Может, он уже сошел?
– В смысле совсем, с багажом?
Я кивнул.
Он призадумался, изучая меня:
– Только один пассажир и сошел, – сказал он наконец. – Как выглядит ваш друг?
Я описал Марлона Брандо. Носильщик покачал головой.
– Ничем не могу помочь, мистер. Который сошел – совсем не похож. Ваш друг, наверное, остался в беспересадочном вагоне – они же не обязаны выходить. Вагон прицепят к скорому семьдесят четвертому. Отходит в одиннадцать тридцать по расписанию. Состав еще не готов.
– Спасибо, – сказал я и дал ему доллар. Багаж дамы оставался в вагоне, что и требовалось установить.
Я вернулся к дверям кафе, стеклянные стены которого позволяли беспрепятственно рассматривать сидящих. Дама читала журнал, попивая кофе с кренделем. Я зашел в телефонную кабинку, позвонил знакомому хозяину гаража и попросил его забрать мою машину, если я не позвоню до полудня. Он уже привык к этому, и у него был запасной ключ.
Я вышел к машине, вынул из багажника саквояж и отнес его в автоматическую камеру хранения. В огромном зале ожидания я купил билет до Сан-Диего и потащился обратно к дверям кафе.
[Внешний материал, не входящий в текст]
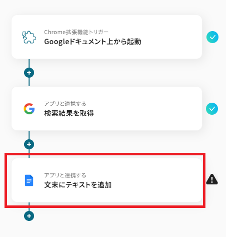 はじめに、GoogleドキュメントとGoogle 検索をYoomと連携します。 次に、トリガーでChrome拡張機能トリガーを選択し、「Googleドキュメント上から起動」を設定します。 次に、オペレーションでAI機能を設定し、ドキュメントから任意のテキストを抽出します。 続いて、オペレーションでGoogle 検索の「検索結果を取得」を設定し、抽出したテキストを検索キーワードとして指定します。 最後に、Googleドキュメントの「文末にテキストを追加」を設定し、取得した検索結果をドキュメントに追記します。 ■このワークフローのカスタムポイント
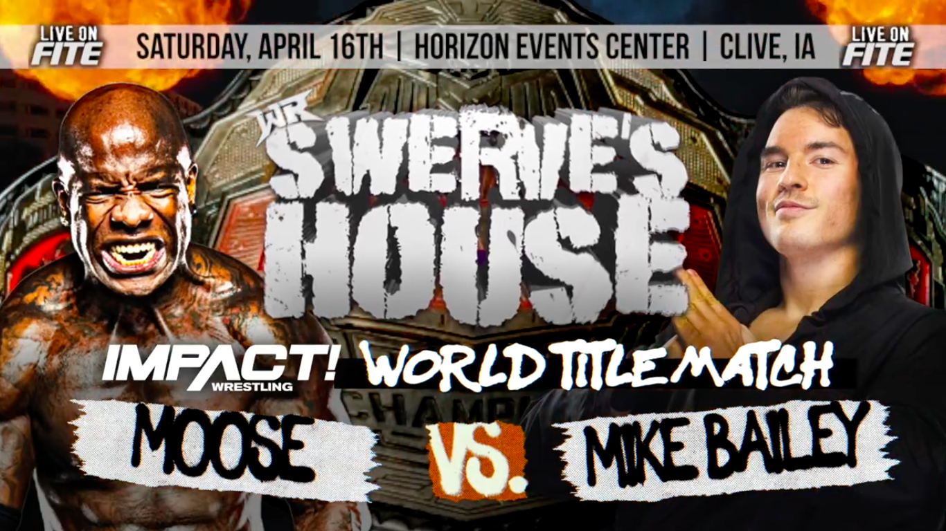 The official Twitter account of the Wrestling REVOLVER has announced that Moose will be defending the IMPACT world championship against Speedball Mike Bailey at the promotion’s April 16th Swerves House event, which will be available for fans to order on FITE TV.
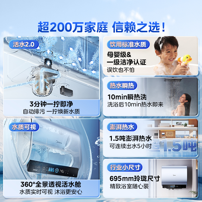 天猫美的活水2.0电热水器UD10MAX双胆扁桶洗澡家用一级家电UD10Ultra
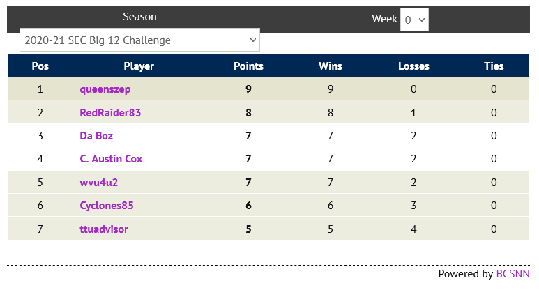 BCSNN 2020-21 SEC Big 12 Challenge | Champion: queenszep
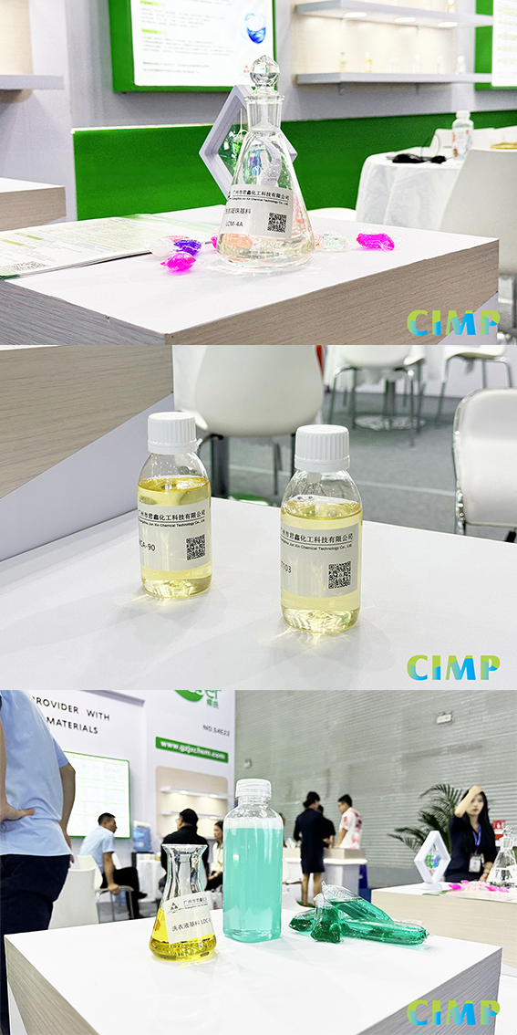 此次君鑫重点展示了多款绿色、安全、高效的环保型表面活性剂,以及功能性添加剂等。展品以其卓越性能、环保理念和广泛用途,得到业内外的高度赞誉。特别是新研发的洗衣凝珠基料,成为了争相询问的明星产品。
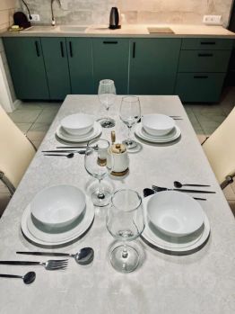 Кухонная и обеденная зона, оборудованная всем необходимым для комфортного отдыха (посудомоечная машина, микроволновая печь, индукционная плита, холодильник, чайник);
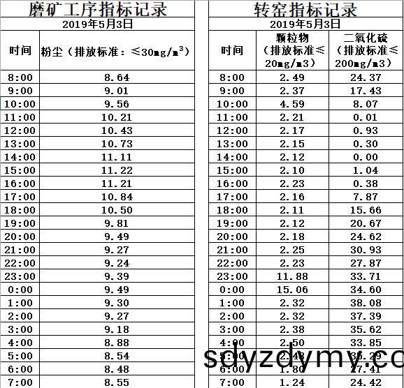 山東道(dao)恩(en)鈦業股份(fen)有限公(gong)司2019年(nian)5月3日磨鑛工序煙(yan)氣(qi)及(ji)轉窰煙(yan)氣(qi)指標(biao)數據(ju):山(shan)東(dong)道(dao)恩鈦業(ye)股(gu)份(fen)有限(xian)公(gong)司2019年5月(yue)3日(ri)磨鑛工(gong)序(xu)煙(yan)氣及(ji)轉窰(yao)煙氣指標(biao)數(shu)據(ju):
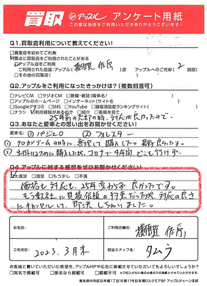 お車のご相談・ 査定だけでもOK! カンタン 入力 30秒 アップルがブランド買取始めました! お電話でも受付中! 受付時間9:30 ~ 18:30 046-833-8881 お車のご相談・ 査定だけでもOK! カンタン 入力 30秒 アップルがブランド買取始めました! お電話でも受付中! 受付時間9:30 ~ 18:30 046-833-8881 アップルがブランド買取始めました! お電話でも受付中! 受付時間9:30 ~ 18:30 046-833-8881 店舗情報 在庫車 スタッフ紹介 ブログ お客様の声 キャンペーン お得 無料査定 click お客様の声 ご記入日: 2023/03/31 S様 車名:三菱 パジェロ 満足度★★★★★価格も対応も、25年変わらず良かったです。もう数社に見積依頼の約束だったが、対応の良さにキャンセルして即決しちゃいました。 前へ 次へ お客様の声一覧を見る
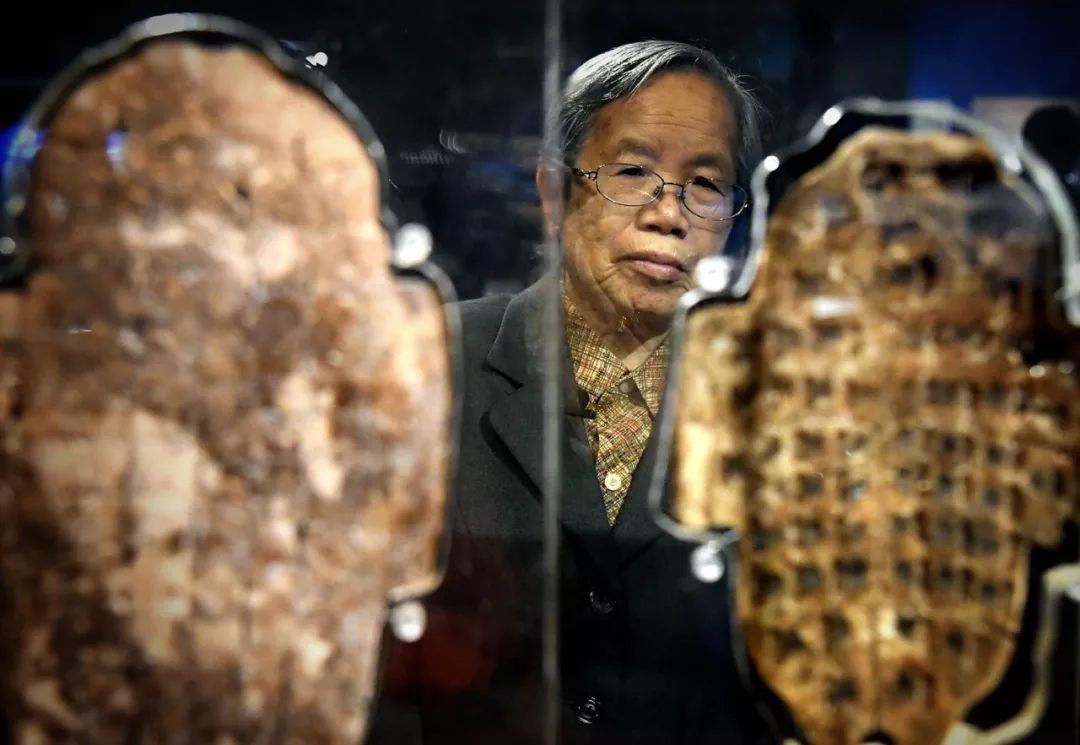 考古學(xué)家劉一曼在河南安陽(yáng)殷墟博物館觀看她親手發(fā)掘的卜甲。
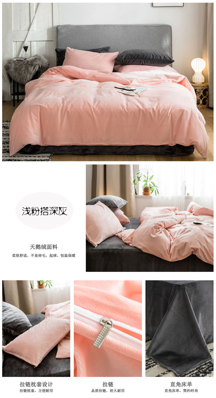 (总)梦家居 2019韩国简约素色天鹅绒单被套
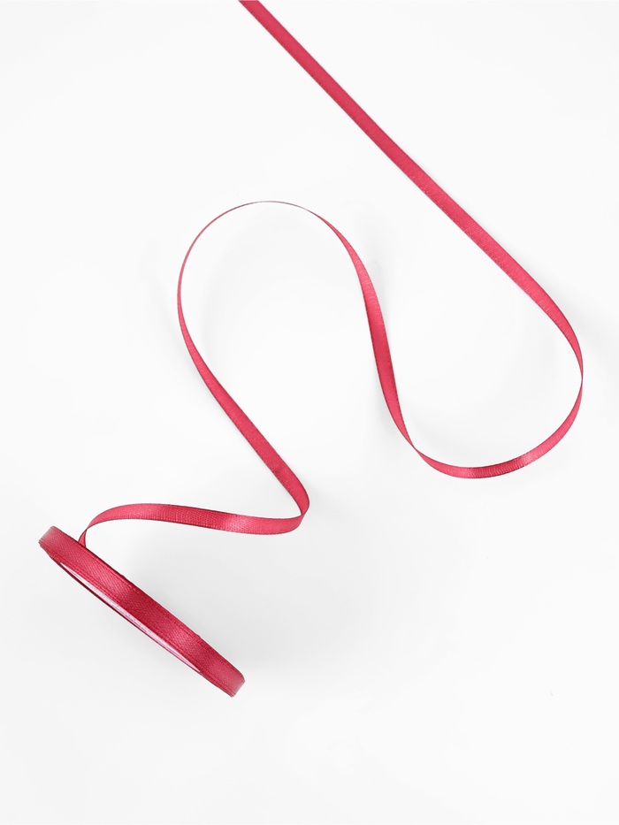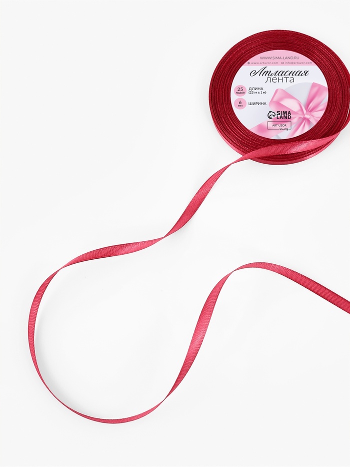 Лента атласная, 6 мм, 23±1 м, малиново-красная №134
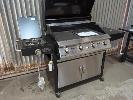GRANDHALL PREMIUM 4V MOBILE GLOSS BLACK COVERED GAS BBQ ON CABINET TROLLEY. FEATURES MATCHING HOOD & 2-DOOR MATCHING CABINET, 4-BURNERS PLUS SIDEBURNER AND ELECTRONIC IGNITION. MODEL 1001SPP NEW IN BOX (2 x BOXES). ORP $799
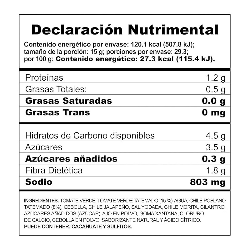 | Ingredientes | Jitomate, jitomate tatemado (16%), agua, chile poblano tatemado (8%), cebolla, chile jalapeño, pasta de tomate, sal yodada, chile morita, cilantro, ajo en polvo, cloruro de calcio, ácido cítrico, goma xantana, cebolla en polvo, saborizante natural y ácido acético. Puede contener: Cacahuate y Sulfitos. |
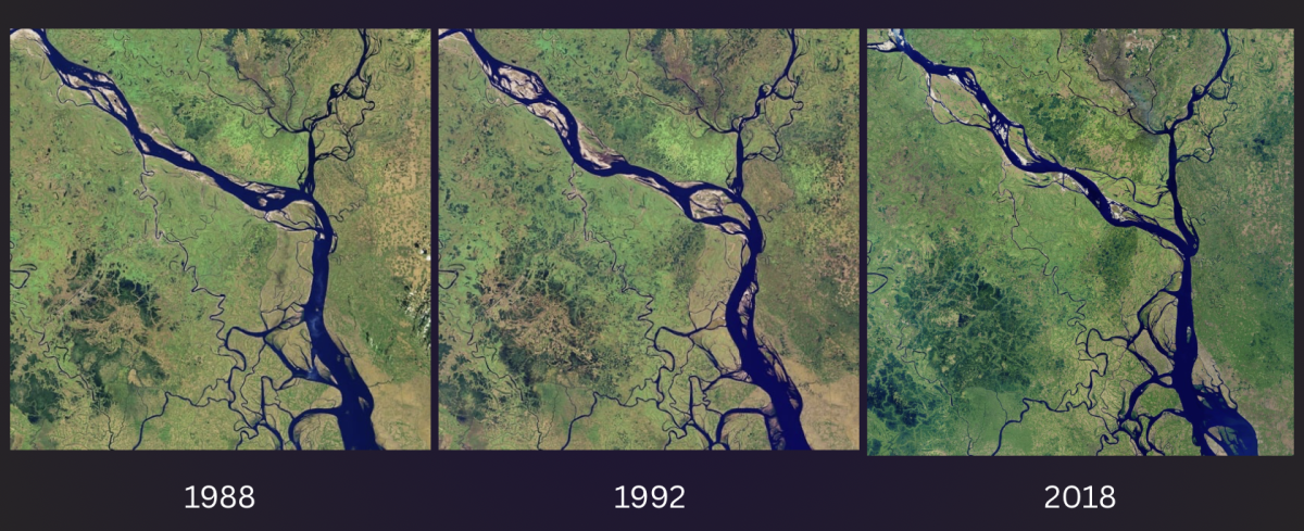 River erosion and its impact over the years in Taranagar village, Murshidabad, West Bengal. Photo: Earth Observatory, NASA
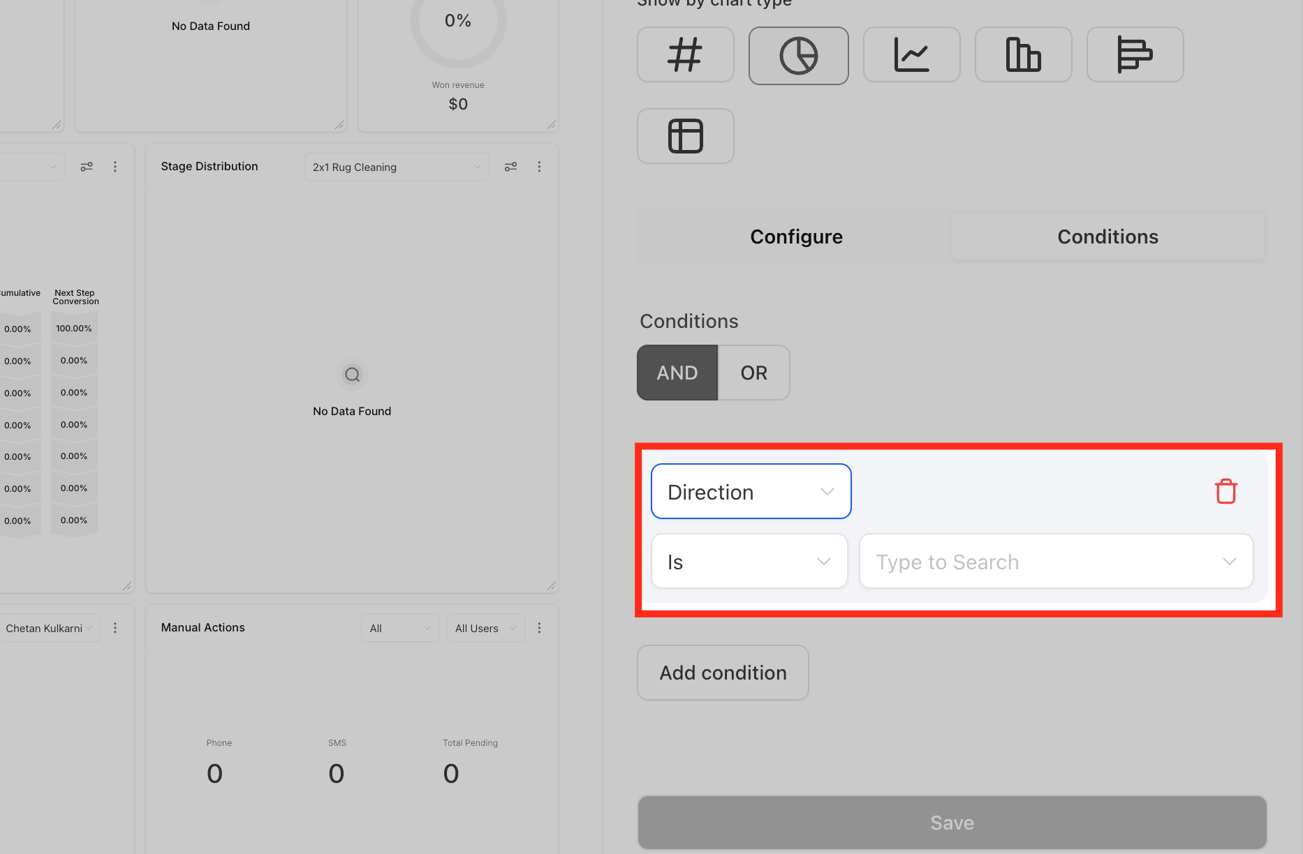 1. Click Add Condition under the “Conditions” tab.
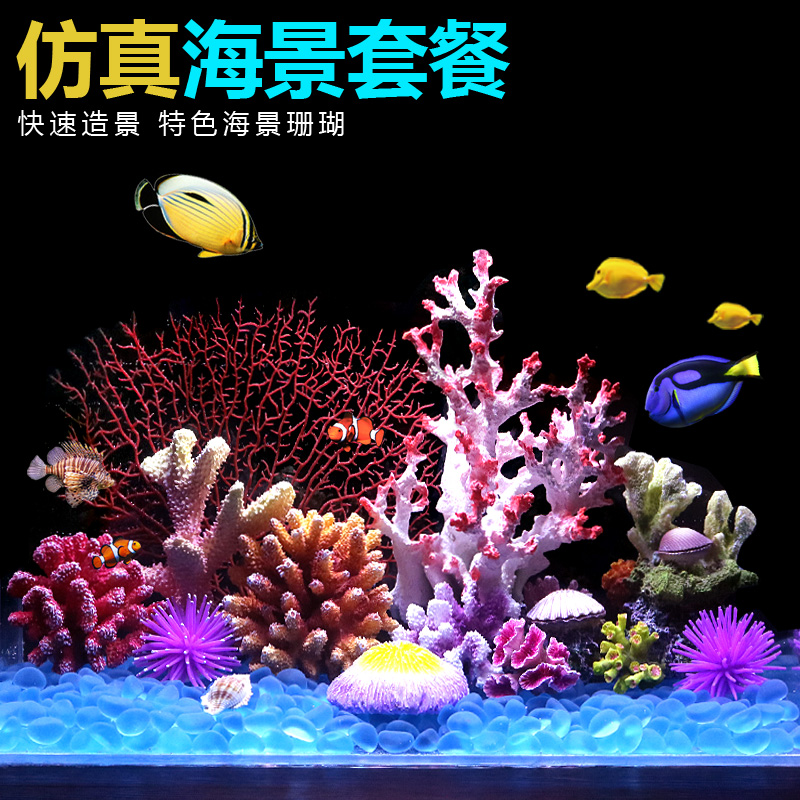 天猫鱼缸仿真珊瑚造景全套餐组合水族箱海水装饰贝壳假水草珊瑚礁布景
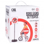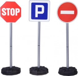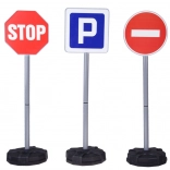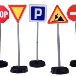 Tento interaktívny set obsahuje 5 najobľúbenejších dopravných značiek: práce na ceste, daj prednosť v jazde, STOP, parkovisko a zákaz vjazdu. Zostavenie je jednoduché – každý stojan sa skladá z podstavca, rúrok a konektorov. Základne možno naplniť vodou alebo pieskom pre maximálnu stabilitu aj pri živej hre.

Дама сидела за тем же столиком, но уже не одна. Напротив нее уселся какой-то хлыщ и ухмыляясь, болтал о чем-то. Было видно за версту, что она с ним знакома и сожалеет об этом. Калифорния так и перла из него – от бордовых штиблет до желто-коричневой ковбойки, без галстука, под кремовым спортивным пиджаком. Он был шести футов роста, худощавый, с самодовольным лицом и избытком зубов. В руке он вертел полоску бумаги. Желтый платок в нагрудном кармашке его пиджака торчал наружу, как букетик нарциссов. Даме он на дух был не нужен – это было ясно как день.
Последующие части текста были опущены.